What’s wrong? wondered Rusty. I spoke to Somi in fever, not in anger, but my words were angry. Now I am miserable, fed up. Oh, hell . . .
He closed his eyes and shut out everything.
He opened his eyes to laughter. Somi’s face was close, laughing into Rusty’s.
‘Of what were you dreaming, Rusty, I have never seen you smile so sweetly!’
‘Oh, I wasn’t dreaming,’ said Rusty, sitting up, and feeling better now that Somi had returned. ‘I am sorry for being so grumpy, but I’m not feeling . . .’
‘Quiet!’ admonished Somi, putting his finger to the other’s lips. ‘See I have settled the matter. Here is a coconut for you, and here is a cucumber for me!’
They sat cross-legged on the bed, facing each other; Somi with his cucumber, and Rusty with his coconut. The coconut milk trickled down Rusty’s chin and on to his chest, giving him a cool, pleasant sensation.

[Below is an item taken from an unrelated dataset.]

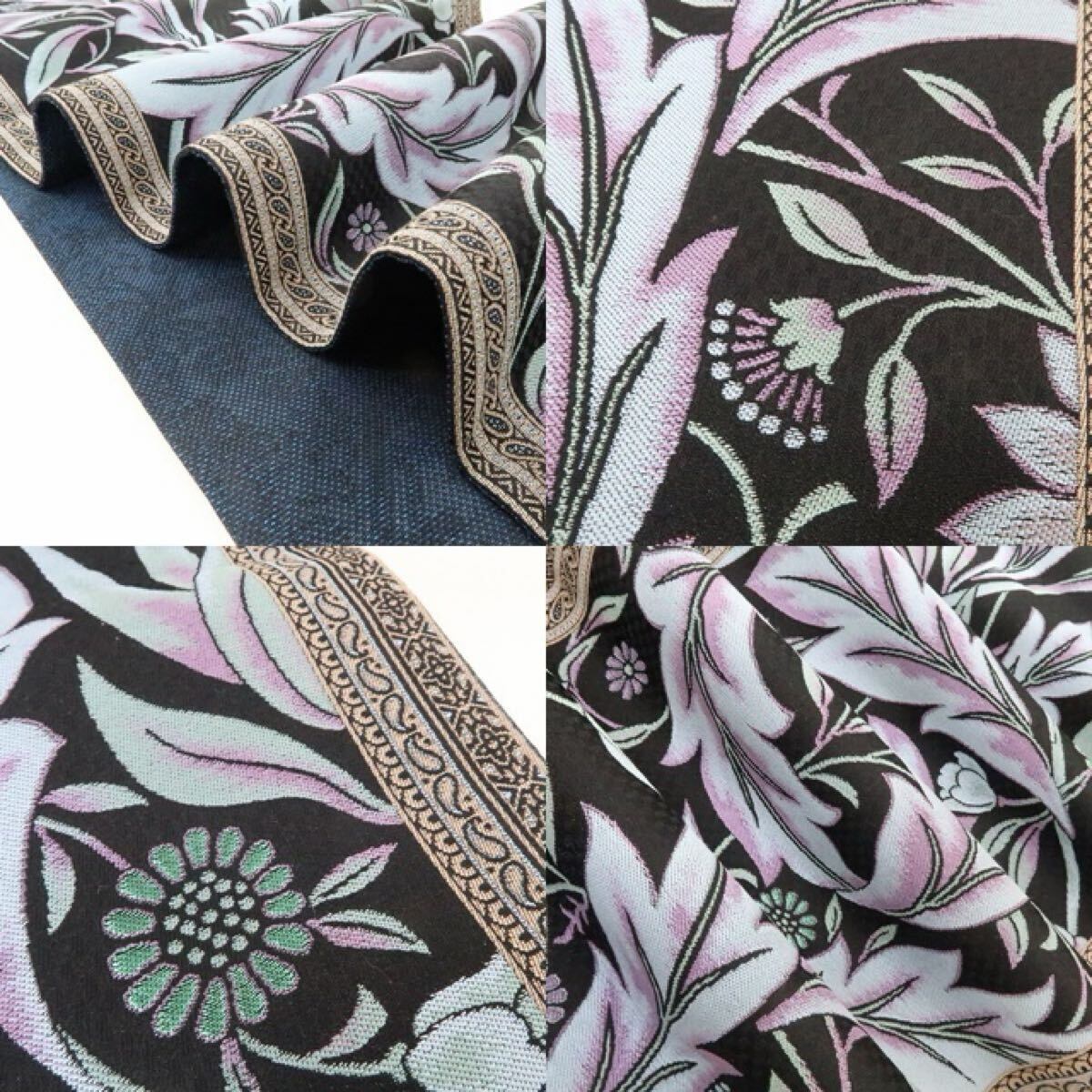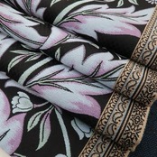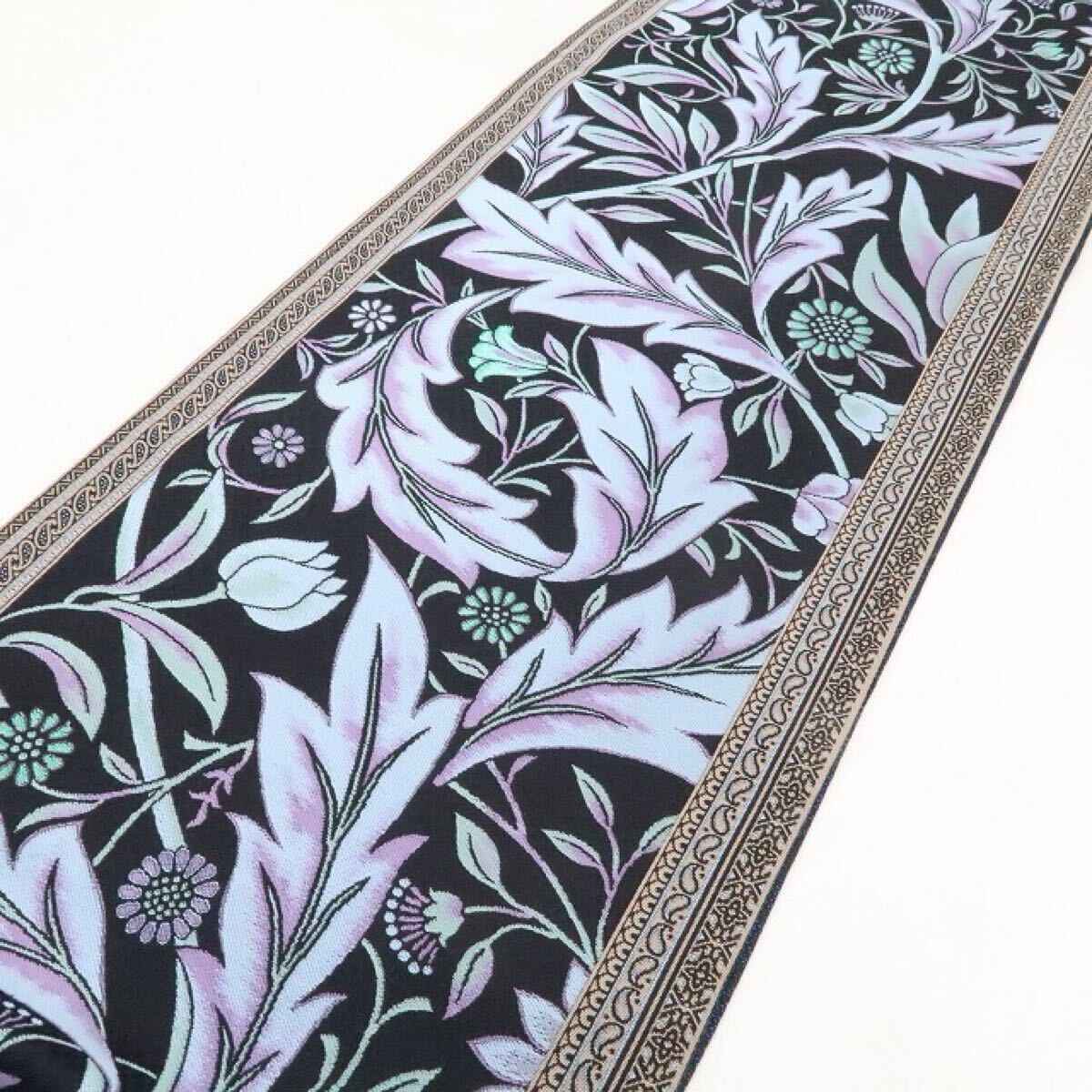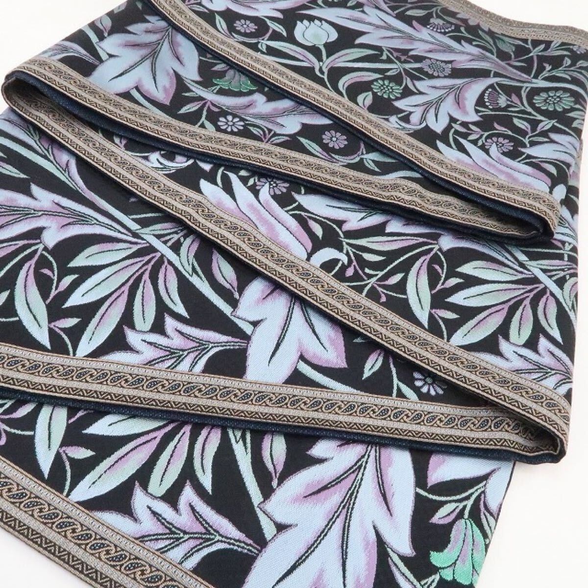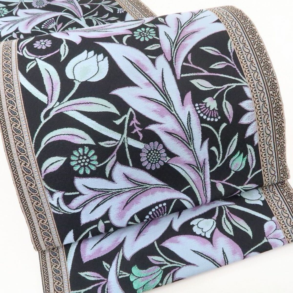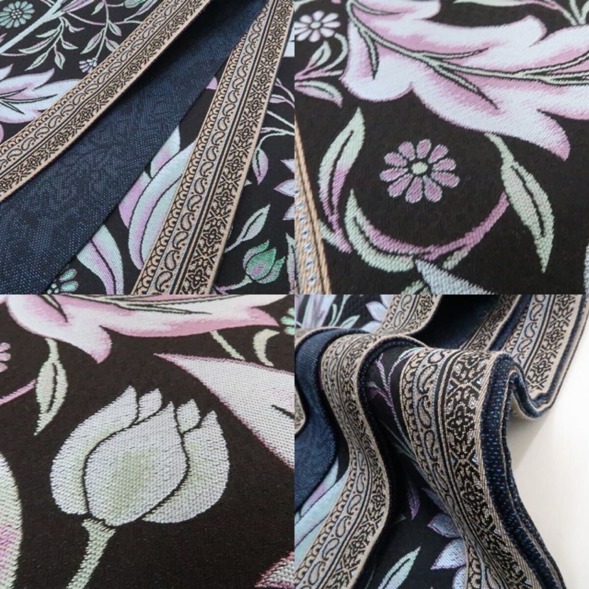 丸みある黒を基調に多彩ながら落ち着いた色味で織り出された艶めいた花葉のデザインモチーフ、まるでモダン絵画のように煌くその表情は必見!大人の貴女へ贈る“取って置き”のひと品…意匠に醸し出されるモダンな色艶に心憎い和のテイストが落とし込まれています。

Rusty said, ‘I am afraid for Kishen. I am sure he will give trouble to his relatives, and they are not like his parents. Mr Kapoor will have no say, without Meena.’
Somi was silent. The only sound was the munching of the cucumber and the coconut. He looked at Rusty, an uncertain smile on his lips but none in his eyes; and, in a forced conversational manner, said, ‘I’m going to Amritsar for a few months. But I will be back in the spring, Rusty, you will be all right here . . .’
This news was so unexpected that for some time Rusty could not take it in. The thought had never occurred to him that one day Somi might leave Dehra, just as Ranbir and Suri and Kishen had done. He could not speak. A sickening heaviness clogged his heart and brain.
‘Hey, Rusty!’ laughed Somi. ‘Don’t look as though there is poison in the coconut!’
The poison lay in Somi’s words. And the poison worked, running through Rusty’s veins and beating against his heart and hammering on his brain. The poison worked, wounding him.